Lanas A
Servicio de Aparato Digestivo, Hospital Clínico Universitario, Zaragoza.
Med Clin (Barc). 2000;114 Suppl 3:46-53.
Nonsteroidal anti-inflammatory drugs induce gastrointestinal side effects. In this study we have analyzed the economic impact of these side effects on the National Health System.
Costs were calculated based on actual data obtained from a General Hospital attending a population of 256,000 people with similar demographic distribution to the country 39 million people. The number of prescriptions of NSAID issued in the area during a 12 month period (1998), the attributable risks obtained from different epidemiological studies of this area and the rate and type of co-prescribing of gastroprotective agents were obtained from different local and national surveys and specialized agencies. Costs of complication and dyspepsia treatments were obtained from actual cost charged by the Spanish National Institute of Health. Sensitivity analyses were also performed to estimate maximal and minimum costs.
Costs per 100,000 people/year were: a) hospitalization = 24,100,983 pesetas; b) gastroprotective agents = 81,759,255 pesetas; c) management of dyspepsia = 31,527,895 pesetas. Estimates showed that global costs per 100,000 people/year were nor higher than 31,353 million and nor lower than 71,312 million pesetas.
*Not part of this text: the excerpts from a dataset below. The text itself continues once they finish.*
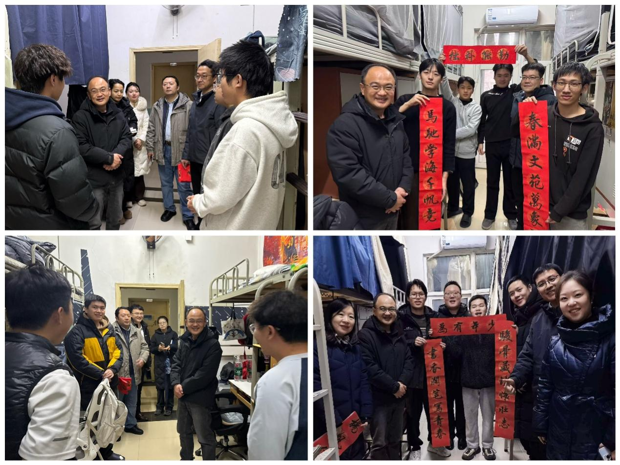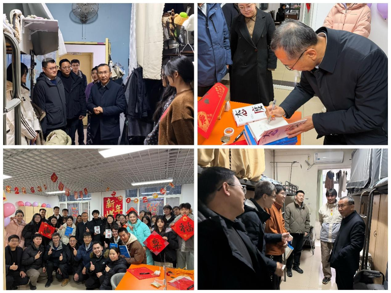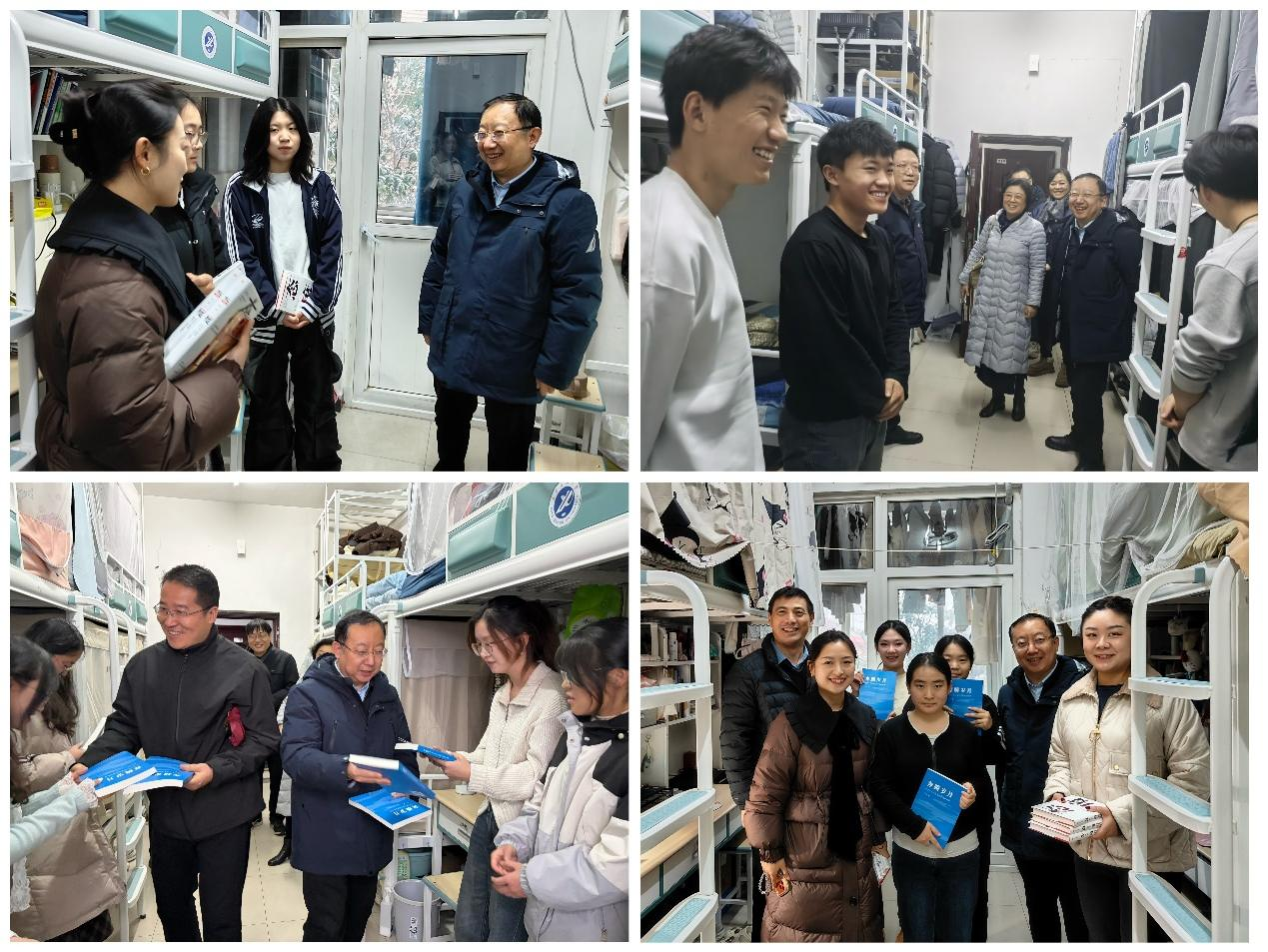 歲末迎新,暖意融融。在2026年元旦佳節(jié)來臨之際,學校領導深入各學院學生宿舍,走訪慰問留校學子,不僅通過贈送精心挑選的書籍、親筆書寫的對聯(lián)等方式,送上真摯的新年祝福,還與同學們親切暢談學習生活與未來規(guī)劃,傳遞學校的深切關懷與殷切期許,讓初雪籠罩的校園滿溢溫情。學生工作部(處)、研究生工作部以及各院(系)相關負責同志陪同走訪。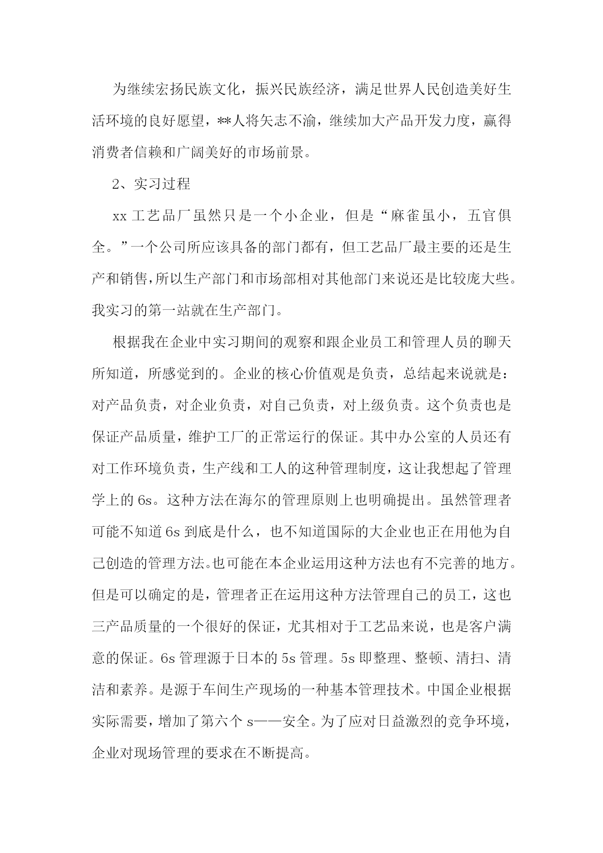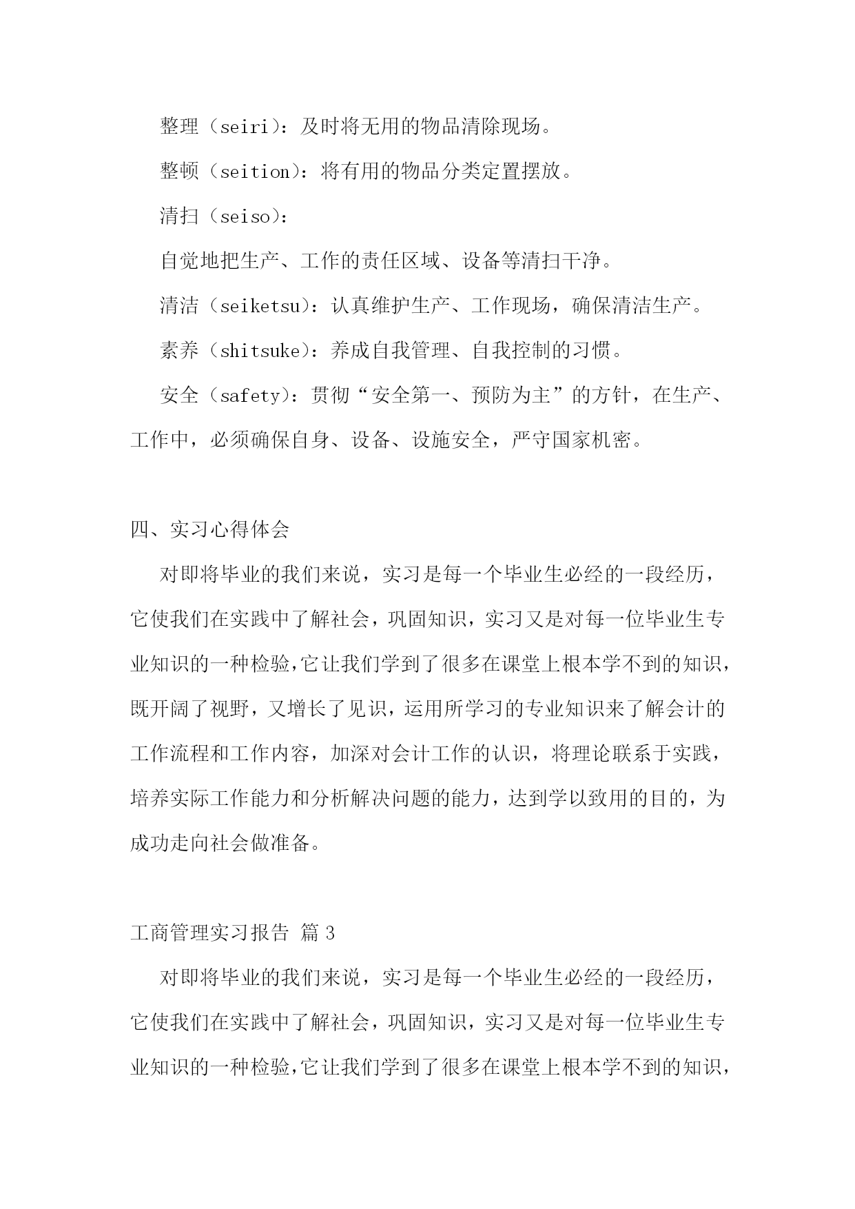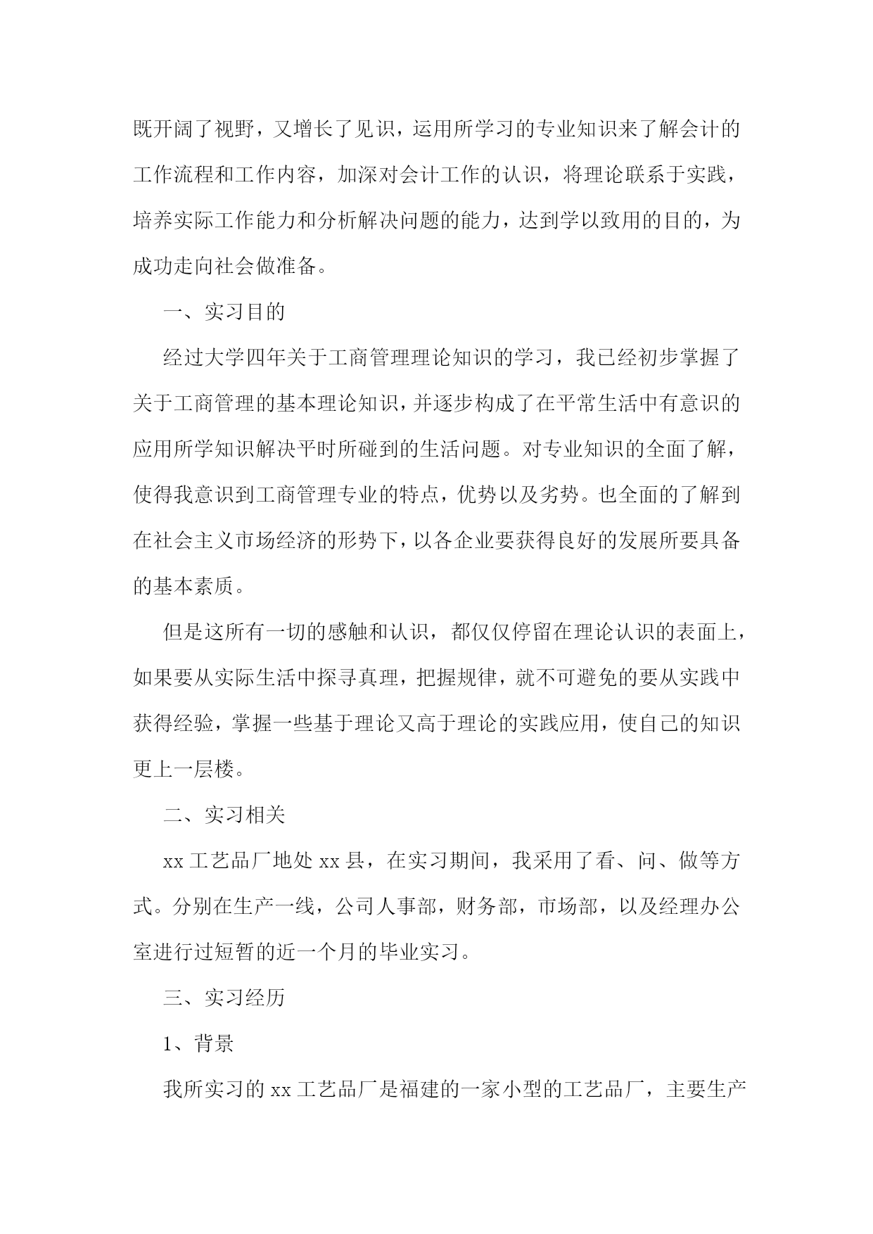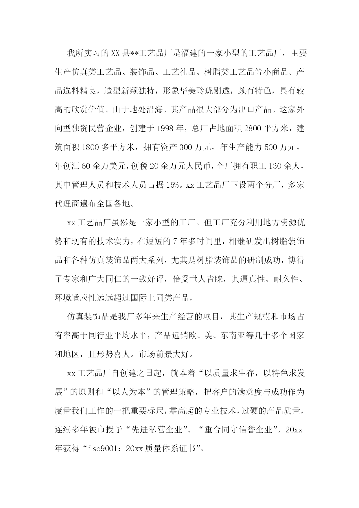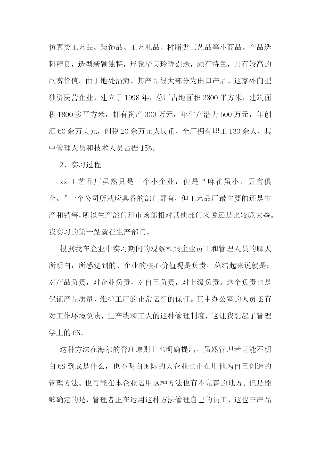 工商管理实习报告11篇工商管理实习报告篇2一、实习目的经过大学四年关于工商管理理论知识的学习,我已经初步掌握了关于工商管理的基本理论知识,并逐步形成了在平常生活中有意识的应用所学知识解决平时所碰到的生活问题。对专业知识的全面了解,使得我意识到工商管理专业的特点,优势以及劣势。也全面的了解到在社会主义市场经济的形势下,以各企业要获得良好的发展所要具备的基本素质。不过这所有一切的感触和认识,都仅仅停留在理论认识的表面上,如果要从实际生活中探寻真理,把握规律,就不可避免的要从实践中获得经验,掌握一些基于理论又高于理论的实践应用,使自己的知识更上一层楼。所以今年的三月一日开始,我就开始了在XX县**工艺品厂的实习经历。回顾实习生活,感触是很深的,收获是丰硕的。二、实习相关xx工艺品厂地处福建XX县,在实习期间,我采用了看、问、做等方式。分别在生产一线,公司人事部,财务部,市场部,以及经理办公室进行过短暂的近一个月的毕业实习。三、实习经历1、背景我所实习的XX县**工艺品厂是福建的一家小型的工艺品厂,主要生产仿真类工艺品、装饰品、工艺礼品、树脂类工艺品等小商品。产品选料精良,造型新颖独特,形象华美玲珑剔透,颇有特色,具有较高的欣赏价值。由于地处沿海。其产品很大部分为出口产品。这家外向型独资民营企业,创建于1998年,总厂占地面积2800平方米,建筑面积1800多平方米,拥有资产300万元,年生产能力500万元,年创汇60余万美元,创税20余万元人民币,全厂拥有职工130余人,其中管理人员和技术人员占据15%。xx工艺品厂下设两个分厂,多家代理商遍布全国各地。xx工艺品厂虽然是一家小型的工厂。但工厂充分利用地方资源优势和现有的技术实力,在短短的7年多时间里,相继研发出树脂装饰品和各种仿真装饰品两大系列,尤其是树脂装饰品的研制成功,博得了专家和广大同仁的一致好评,倍受世人青睐,其逼真性、耐久性、环境适应性远远超过国际上同类产品,仿真装饰品是我厂多年来生产经营的项目,其生产规模和市场占有率高于同行业平均水平,产品远销欧、美、东南亚等几十多个国家和地区,且形势喜人。市场前景大好。xx工艺品厂自创建之日起,就本着“以质量求生存,以特色求发展”的原则和“以人为本”的管理策略,把客户的满意度与成功作为度量我们工作的一把重要标尺,靠高超的专业技术,过硬的产品质量,连续多年被市授予“先进私营企业”、“重合同守信誉企业”。20xx年获得“iso9001:20xx质量体系证书”。为继续宏扬民族文化,振兴民族经济,满足世界人民创造美好生活环境的良好愿望,**人将矢志不渝,继续加大产品开发力度,赢得消费者信赖和广阔美好的市场前景。2、实习过程xx工艺品厂虽然只是一个小企业,但是“麻雀虽小,五官俱全。”一个公司所应该具备的部门都有,但工艺品厂最主要的还是生产和销售,所以生产部门和市场部相对其他部门来说还是比较庞大些。我实习的第一站就在生产部门。根据我在企业中实习期间的观察和跟企业员工和管理人员的聊天所知道,所感觉到的。企业的核心价值观是负责,总结起来说就是:对产品负责,对企业负责,对自己负责,对上级负责。这个负责也是保证产品质量,维护工厂的正常运行的保证。其中办公室的人员还有对工作环境负责,生产线和工人的这种管理制度,这让我想起了管理学上的6s。这种方法在海尔的管理原则上也明确提出。虽然管理者可能不知道6s到底是什么,也不知道国际的大企业也正在用他为自己创造的管理方法。也可能在本企业运用这种方法也有不完善的地方。但是可以确定的是,管理者正在运用这种方法管理自己的员工,这也三产品质量的一个很好的保证,尤其相对于工艺品来说,也是客户满意的保证。6s管理源于日本的5s管理。5s即整理、整顿、清扫、清洁和素养。是源于车间生产现场的一种基本管理技术。中国企业根据实际需要,增加了第六个s——安全。为了应对日益激烈的竞争环境,企业对现场管理的要求在不断提高。整理(seiri):及时将无用的物品清除现场。整顿(seition):将有用的物品分类定置摆放。清扫(seiso):自觉地把生产、工作的责任区域、设备等清扫干净。清洁(seiketsu):认真维护生产、工作现场,确保清洁生产。素养(shitsuke):养成自我管理、自我控制的习惯。安全(safety):贯彻“安全第一、预防为主”的方针,在生产、工作中,必须确保自身、设备、设施安全,严守国家机密。四、实习心得体会对即将毕业的我们来说,实习是每一个毕业生必经的一段经历,它使我们在实践中了解社会,巩固知识,实习又是对每一位毕业生专业知识的一种检验,它让我们学到了很多在课堂上根本学不到的知识,既开阔了视野,又增长了见识,运用所学习的专业知识来了解会计的工作流程和工作内容,加深对会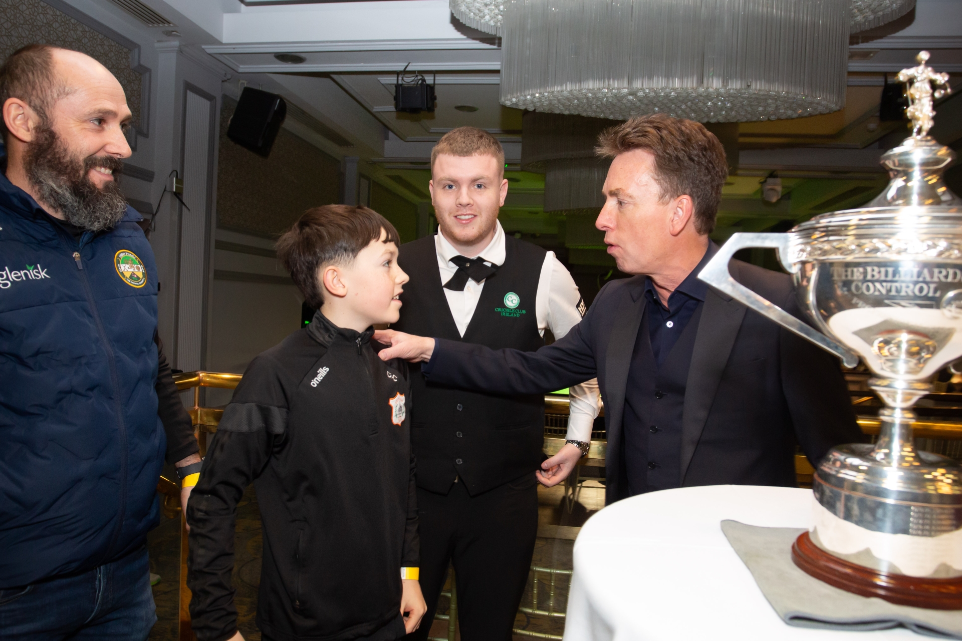Young Conor Cahill and dad Trevor (left) gets to meet his snooker heroes Ken Doherty and Aaron Hill at a snooker exhibition at the Bridge Hotel on Thursday night.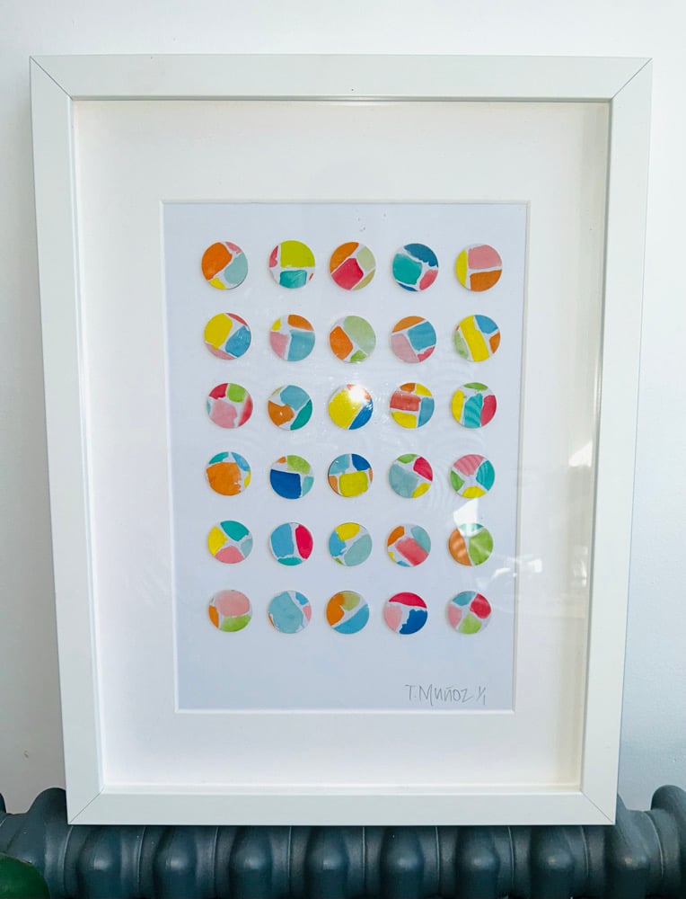 A unique piece of art made with 30 x 25mm individual water colour circles placed on wood.

It was also estimated that gastroprotective therapy was inadequately prescribed in 80% of cases (25,720 million pesetas), and that 8,312 million pesetas per 100,000 patient/year of the global cost was due to OTC NSAID use. Globally, GI side effects increased 86% the actual cost of NSAID in 1998. Almost half of that increase was due to inadequate prescription of gastroprotective therapy and only 5.4% of that was due to OTC NSAID use.
Gastrointestinal side effects due to NSAID use have an enormous economic impact on the National Health System. Any new therapeutic strategy in the management of rheumatic conditions which decrease the rate of complications and the need of coprescription of gastroprotective agents will decrease these costs.
非甾体抗炎药会引发胃肠道副作用。在本研究中,我们分析了这些副作用对国家卫生系统的经济影响。
成本是根据从一家综合医院获取的实际数据计算得出的,该医院服务于25.6万人口,其人口统计学分布与该国3900万人口相似。从不同的地方和国家调查以及专业机构获取了该地区在12个月期间(1998年)开具的非甾体抗炎药处方数量、该地区不同流行病学研究得出的归因风险以及胃保护剂的联合处方率和类型。并发症和消化不良治疗的成本来自西班牙国家卫生研究所收取的实际费用。还进行了敏感性分析以估计最高和最低成本。
每10万人/年的成本为:a)住院治疗 = 24100983比塞塔;b)胃保护剂 = 81759255比塞塔;c)消化不良管理 = 31527895比塞塔。估计显示,每10万人/年的全球成本不高于313.53亿比塞塔,也不低于713.12亿比塞塔。还估计在80%的病例中(257.2亿比塞塔)胃保护疗法的处方不充分,并且每10万患者/年的全球成本中有83.12亿比塞塔归因于非处方非甾体抗炎药的使用。总体而言,1998年胃肠道副作用使非甾体抗炎药的实际成本增加了86%。几乎一半的增加归因于胃保护疗法的处方不充分,而只有5.4%归因于非处方非甾体抗炎药的使用。
非甾体抗炎药使用引起的胃肠道副作用对国家卫生系统具有巨大的经济影响。任何降低并发症发生率和减少胃保护剂联合处方需求的风湿性疾病管理新治疗策略都将降低这些成本。